ASSIGNMENT
What is needed is a word-for-word copy of the lines below from the one with "Figure 2: Key" through the one with "The Perup Reward", both included, with every picture left out.

SOURCE MATERIAL
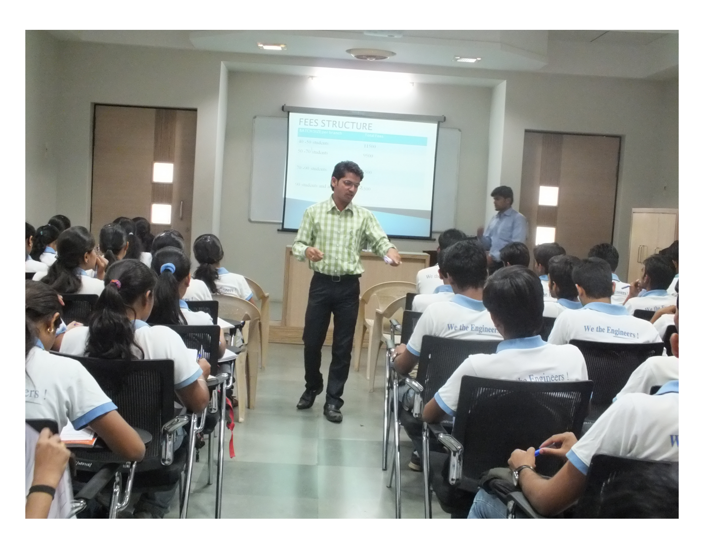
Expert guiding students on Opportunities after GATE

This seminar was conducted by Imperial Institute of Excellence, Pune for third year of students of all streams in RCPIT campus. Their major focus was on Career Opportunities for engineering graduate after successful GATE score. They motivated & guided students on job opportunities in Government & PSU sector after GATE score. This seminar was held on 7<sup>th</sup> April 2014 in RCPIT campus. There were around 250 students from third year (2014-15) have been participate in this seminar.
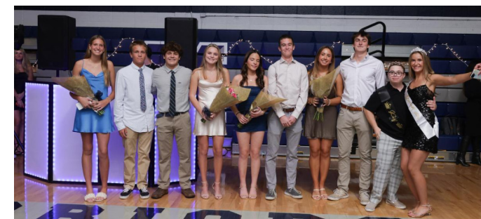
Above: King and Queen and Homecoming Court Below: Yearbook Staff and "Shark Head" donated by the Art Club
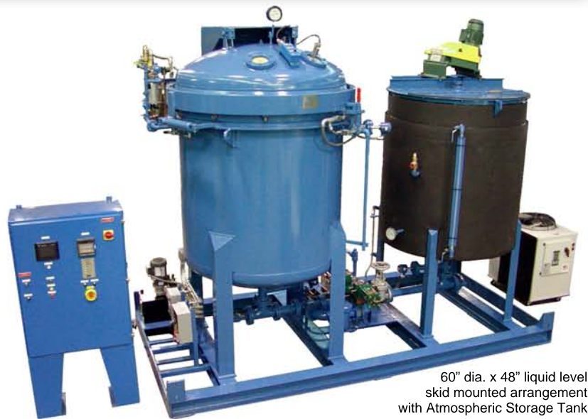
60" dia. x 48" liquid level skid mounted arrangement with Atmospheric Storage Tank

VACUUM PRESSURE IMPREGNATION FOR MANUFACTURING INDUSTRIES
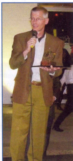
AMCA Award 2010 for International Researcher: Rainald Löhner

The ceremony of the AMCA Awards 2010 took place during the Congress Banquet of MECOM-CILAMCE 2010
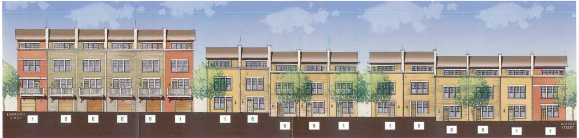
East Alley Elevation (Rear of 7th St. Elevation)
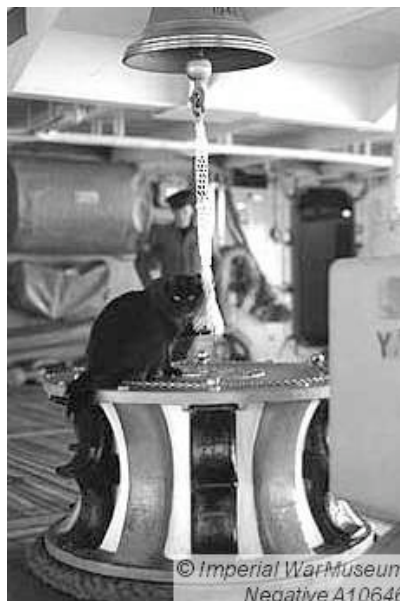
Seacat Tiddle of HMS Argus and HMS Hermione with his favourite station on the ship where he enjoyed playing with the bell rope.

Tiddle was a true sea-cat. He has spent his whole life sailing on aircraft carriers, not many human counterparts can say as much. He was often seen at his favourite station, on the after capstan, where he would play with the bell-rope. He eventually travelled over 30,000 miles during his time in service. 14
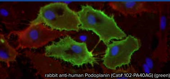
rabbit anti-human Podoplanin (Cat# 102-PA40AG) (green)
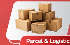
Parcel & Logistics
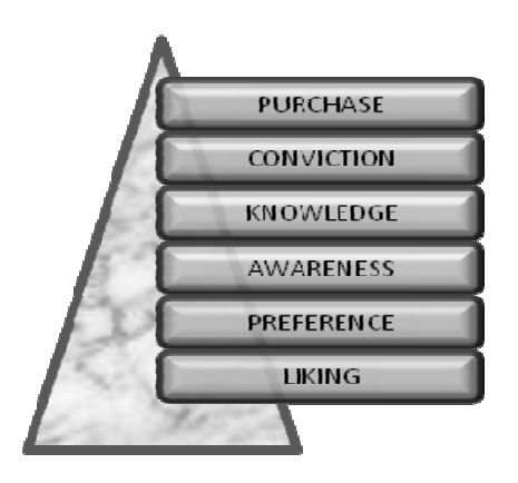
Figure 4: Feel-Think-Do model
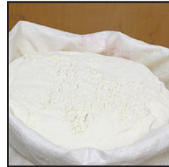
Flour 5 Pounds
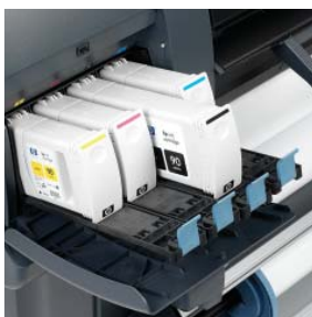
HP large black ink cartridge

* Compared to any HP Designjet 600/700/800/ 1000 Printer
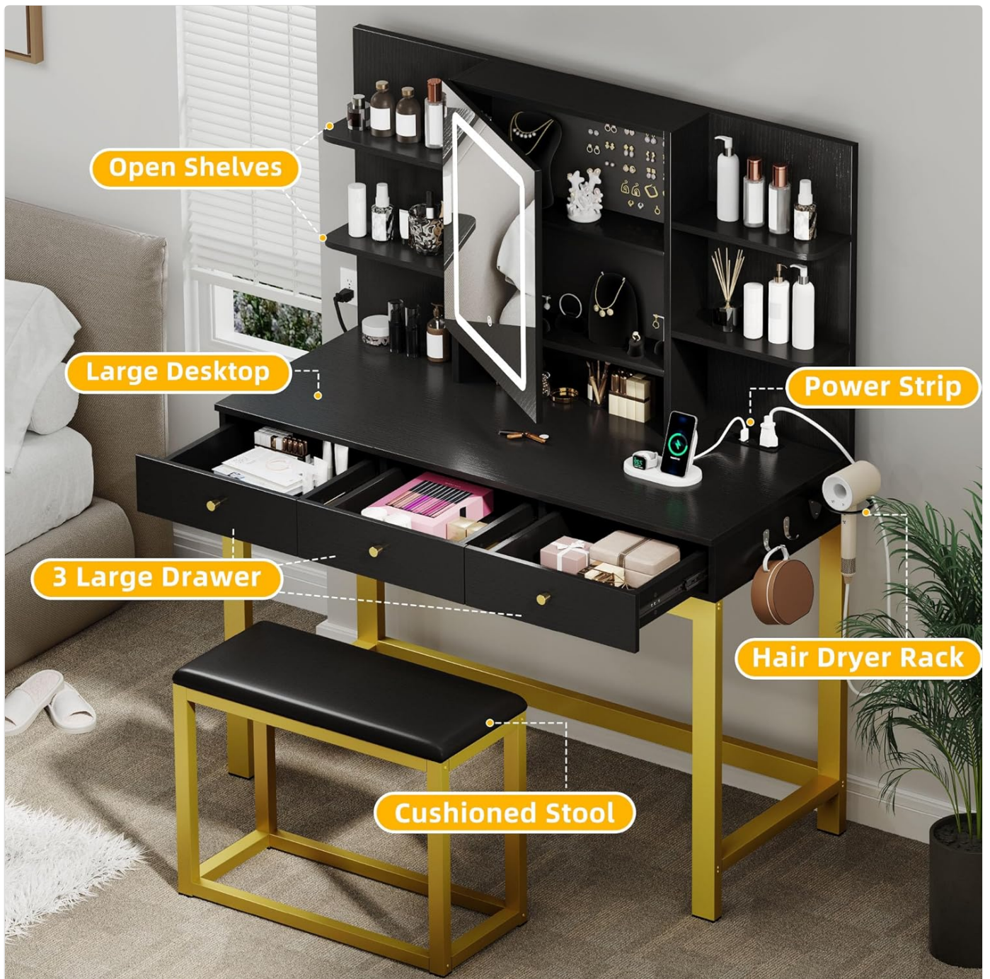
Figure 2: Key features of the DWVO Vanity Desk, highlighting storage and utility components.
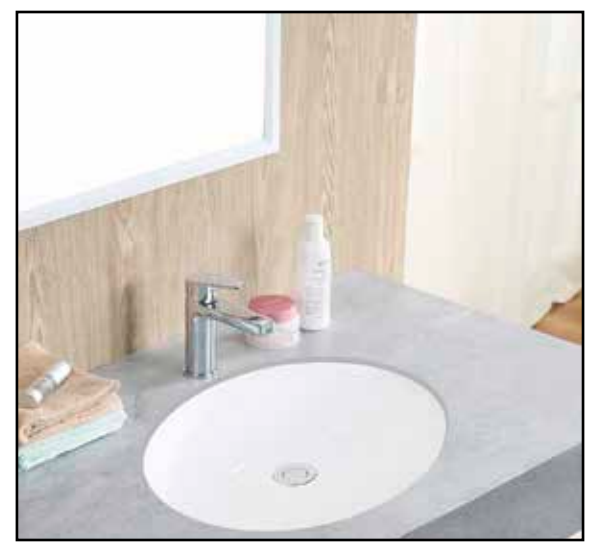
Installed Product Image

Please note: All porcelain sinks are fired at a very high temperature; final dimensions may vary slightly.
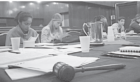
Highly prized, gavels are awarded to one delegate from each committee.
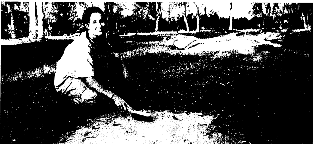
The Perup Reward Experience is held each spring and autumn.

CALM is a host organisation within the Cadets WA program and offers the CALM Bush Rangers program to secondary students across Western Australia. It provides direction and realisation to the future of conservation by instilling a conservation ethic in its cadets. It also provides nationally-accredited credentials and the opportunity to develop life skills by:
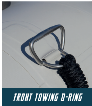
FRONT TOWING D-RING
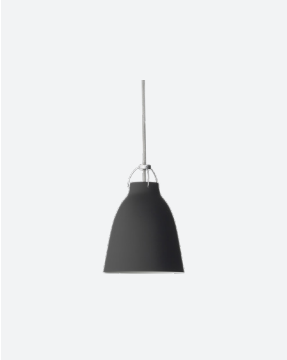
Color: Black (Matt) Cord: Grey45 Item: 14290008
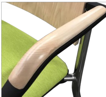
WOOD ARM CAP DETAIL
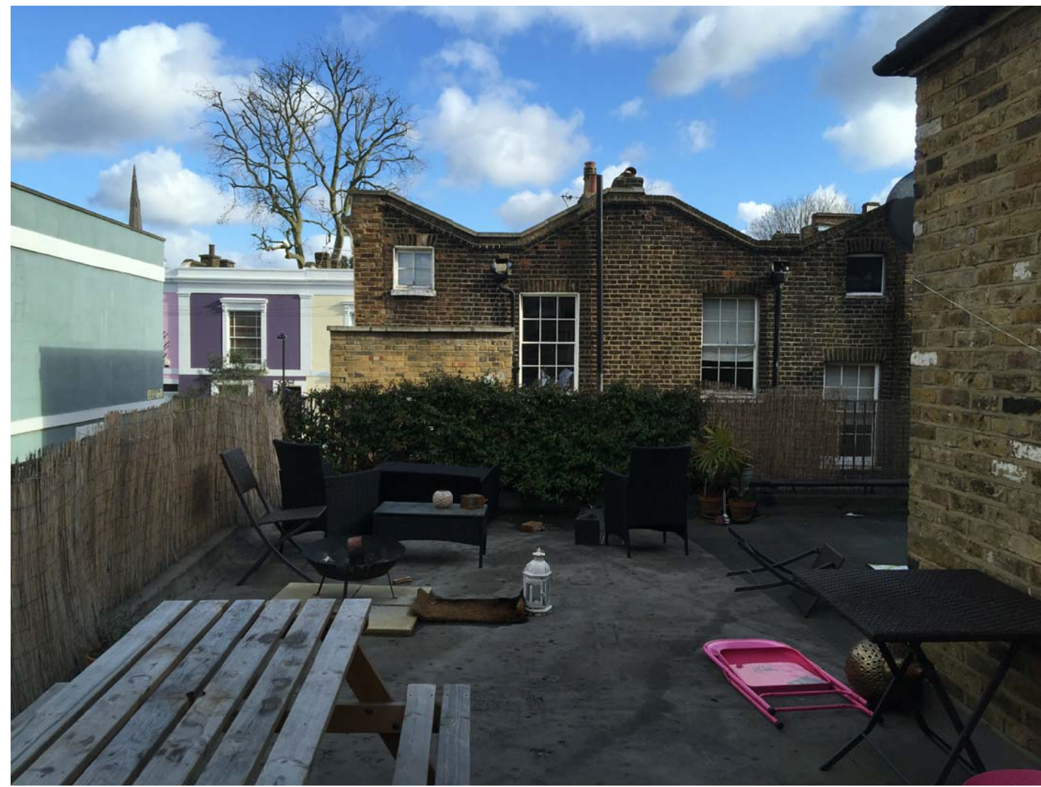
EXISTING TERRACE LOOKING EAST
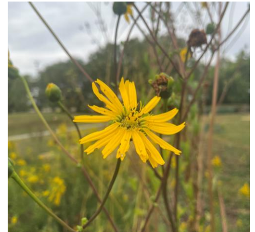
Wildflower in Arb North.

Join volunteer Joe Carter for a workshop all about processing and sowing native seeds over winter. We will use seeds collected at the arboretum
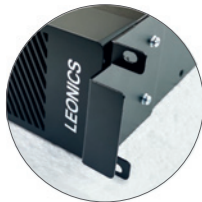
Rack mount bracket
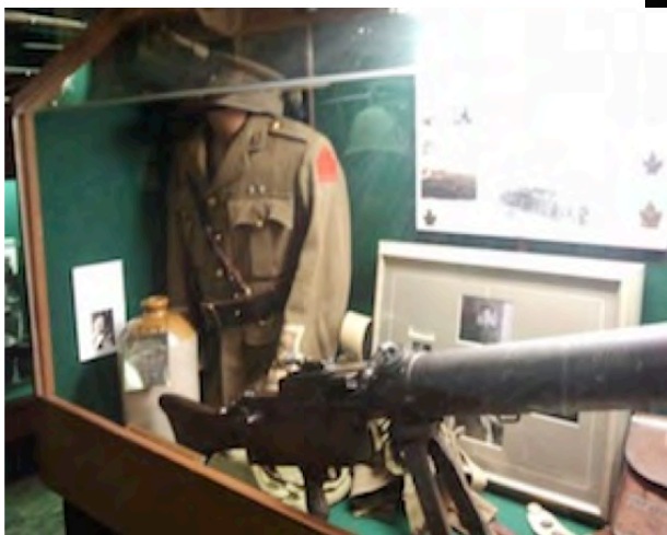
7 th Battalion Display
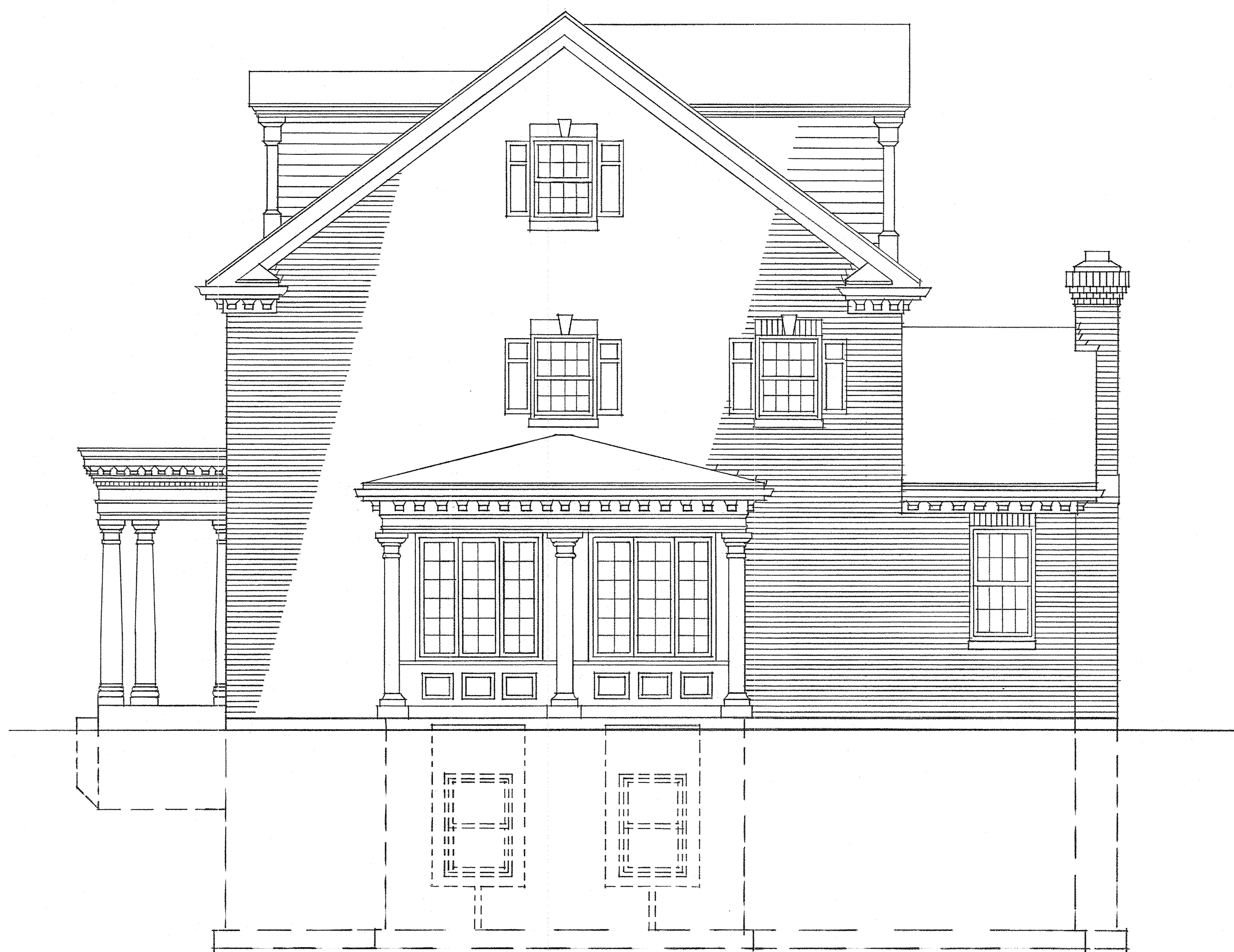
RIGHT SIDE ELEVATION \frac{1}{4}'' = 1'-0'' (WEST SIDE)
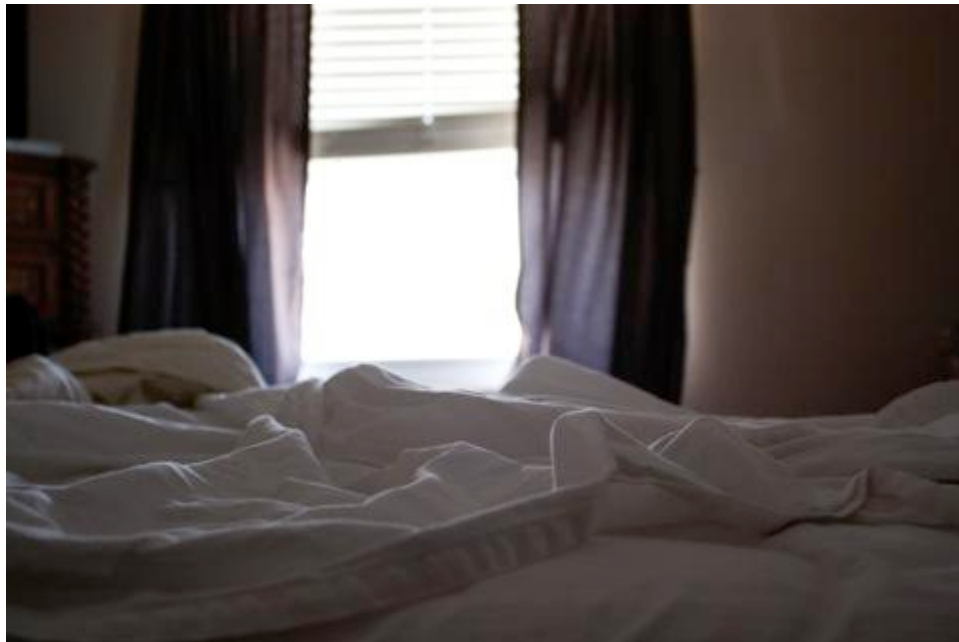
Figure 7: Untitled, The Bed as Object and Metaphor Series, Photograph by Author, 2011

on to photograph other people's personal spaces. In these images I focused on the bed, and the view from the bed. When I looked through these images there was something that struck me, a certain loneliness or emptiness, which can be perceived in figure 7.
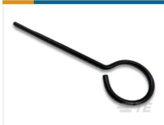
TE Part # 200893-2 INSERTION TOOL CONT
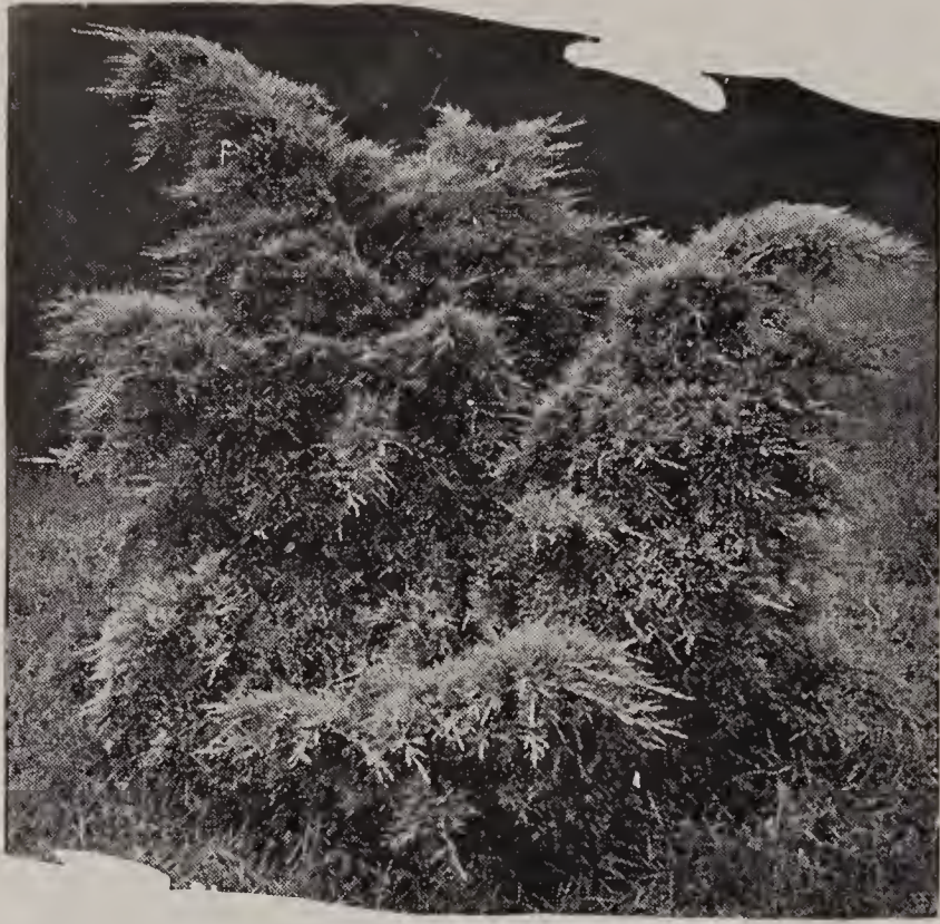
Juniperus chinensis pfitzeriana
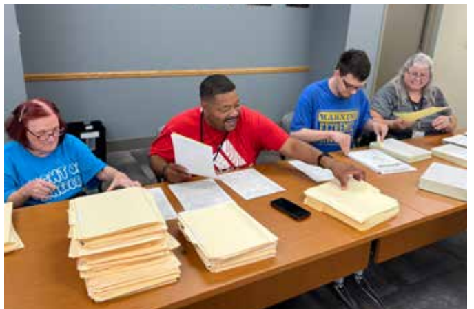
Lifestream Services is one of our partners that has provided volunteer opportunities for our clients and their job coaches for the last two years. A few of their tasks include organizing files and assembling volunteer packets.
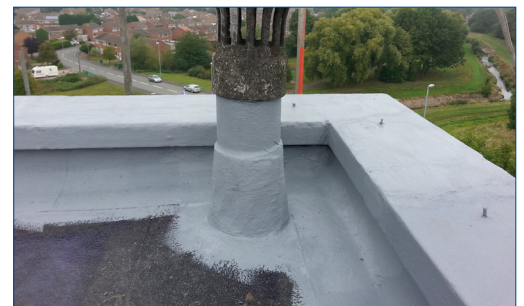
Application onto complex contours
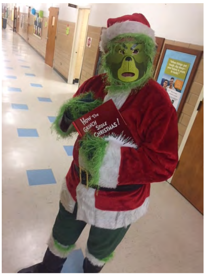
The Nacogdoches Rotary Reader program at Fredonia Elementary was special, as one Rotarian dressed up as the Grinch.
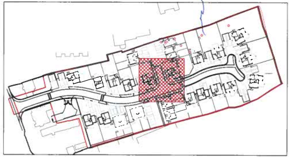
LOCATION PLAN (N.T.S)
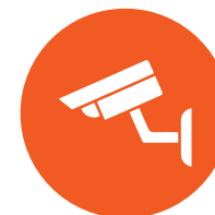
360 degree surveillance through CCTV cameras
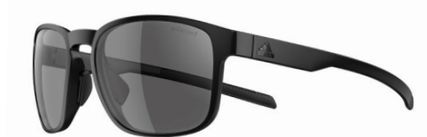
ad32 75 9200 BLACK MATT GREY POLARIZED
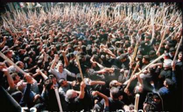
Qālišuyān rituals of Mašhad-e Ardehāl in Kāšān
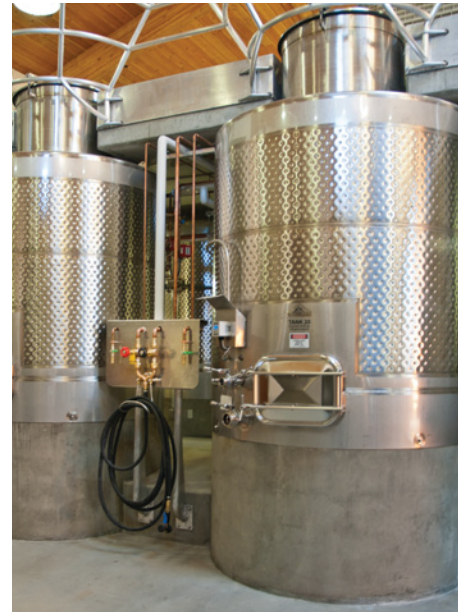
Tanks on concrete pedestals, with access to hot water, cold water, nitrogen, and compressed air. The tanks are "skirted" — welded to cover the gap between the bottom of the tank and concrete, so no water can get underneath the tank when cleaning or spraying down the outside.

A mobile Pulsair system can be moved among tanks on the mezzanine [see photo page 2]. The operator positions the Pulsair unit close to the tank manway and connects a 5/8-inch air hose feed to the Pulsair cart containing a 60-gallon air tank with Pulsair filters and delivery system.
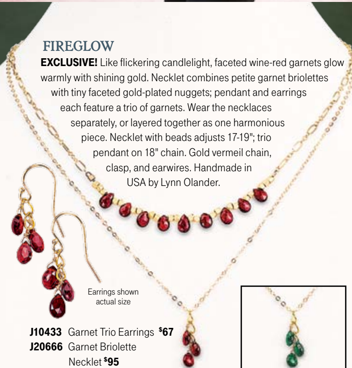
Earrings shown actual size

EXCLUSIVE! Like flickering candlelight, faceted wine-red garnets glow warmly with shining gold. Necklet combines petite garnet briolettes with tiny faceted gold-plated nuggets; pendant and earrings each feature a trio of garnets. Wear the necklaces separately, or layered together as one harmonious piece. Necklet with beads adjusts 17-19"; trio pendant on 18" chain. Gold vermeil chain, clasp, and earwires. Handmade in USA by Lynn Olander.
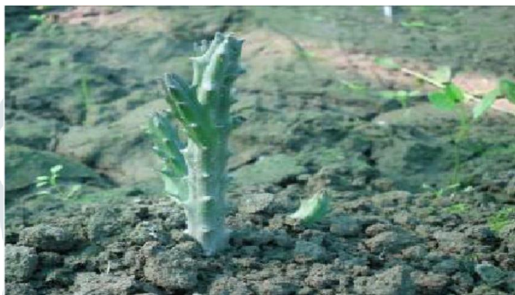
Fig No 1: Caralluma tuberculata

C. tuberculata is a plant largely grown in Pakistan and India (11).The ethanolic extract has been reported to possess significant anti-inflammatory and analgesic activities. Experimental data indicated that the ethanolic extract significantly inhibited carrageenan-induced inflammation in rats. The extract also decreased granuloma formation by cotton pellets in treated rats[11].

WRITTEN RESPONSE
Figure 2: Key features of the DWVO Vanity Desk, highlighting storage and utility components.
Installed Product Image

Please note: All porcelain sinks are fired at a very high temperature; final dimensions may vary slightly.
Highly prized, gavels are awarded to one delegate from each committee.
The Perup Reward Experience is held each spring and autumn.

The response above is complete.